▸ **Records shown**:
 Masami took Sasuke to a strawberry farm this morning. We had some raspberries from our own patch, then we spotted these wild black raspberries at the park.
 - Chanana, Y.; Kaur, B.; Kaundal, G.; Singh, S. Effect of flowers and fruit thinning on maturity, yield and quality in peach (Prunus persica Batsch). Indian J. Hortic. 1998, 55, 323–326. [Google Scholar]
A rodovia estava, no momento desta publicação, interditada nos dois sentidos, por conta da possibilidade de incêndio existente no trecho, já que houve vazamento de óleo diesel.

--

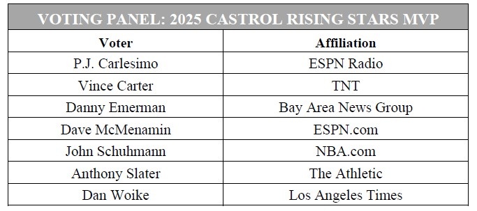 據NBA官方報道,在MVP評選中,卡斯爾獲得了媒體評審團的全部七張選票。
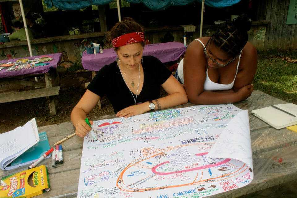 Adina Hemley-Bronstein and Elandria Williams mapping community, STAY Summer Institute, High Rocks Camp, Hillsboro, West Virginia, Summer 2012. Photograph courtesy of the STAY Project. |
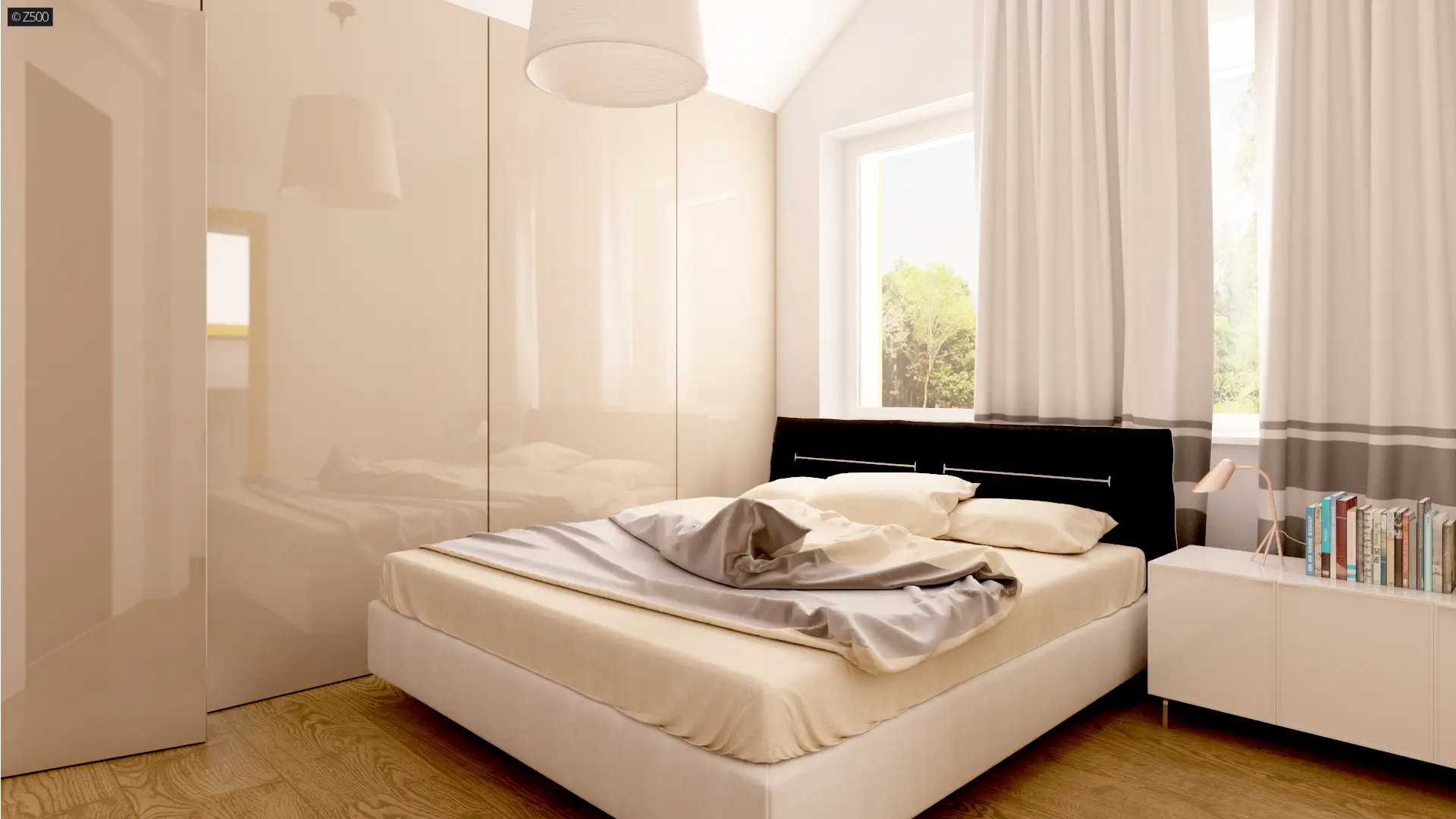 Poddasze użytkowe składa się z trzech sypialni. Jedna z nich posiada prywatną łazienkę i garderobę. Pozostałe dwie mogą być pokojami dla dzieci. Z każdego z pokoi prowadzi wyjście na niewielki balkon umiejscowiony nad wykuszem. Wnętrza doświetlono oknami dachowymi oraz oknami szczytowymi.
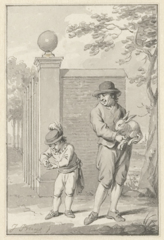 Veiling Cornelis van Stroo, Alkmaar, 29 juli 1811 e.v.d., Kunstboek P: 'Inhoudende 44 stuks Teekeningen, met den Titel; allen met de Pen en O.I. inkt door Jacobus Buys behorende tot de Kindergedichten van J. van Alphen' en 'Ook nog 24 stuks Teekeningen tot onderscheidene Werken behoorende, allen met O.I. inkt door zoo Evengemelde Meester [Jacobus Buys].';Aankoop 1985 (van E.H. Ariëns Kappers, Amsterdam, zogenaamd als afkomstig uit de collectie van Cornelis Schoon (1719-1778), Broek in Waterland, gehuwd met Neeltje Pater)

▸ **Assignment**: Lines wanted from the entries above: the one with "據NBA官方報道,在MVP評選中,卡斯爾獲得了媒體評審團的全部七張選票。", the one with "Adina Hemley-Bronstein and", and all lines between. Please copy them exactly, without the pictures and without anything else.

▸ **The answer**:
 據NBA官方報道,在MVP評選中,卡斯爾獲得了媒體評審團的全部七張選票。
 Adina Hemley-Bronstein and Elandria Williams mapping community, STAY Summer Institute, High Rocks Camp, Hillsboro, West Virginia, Summer 2012. Photograph courtesy of the STAY Project. |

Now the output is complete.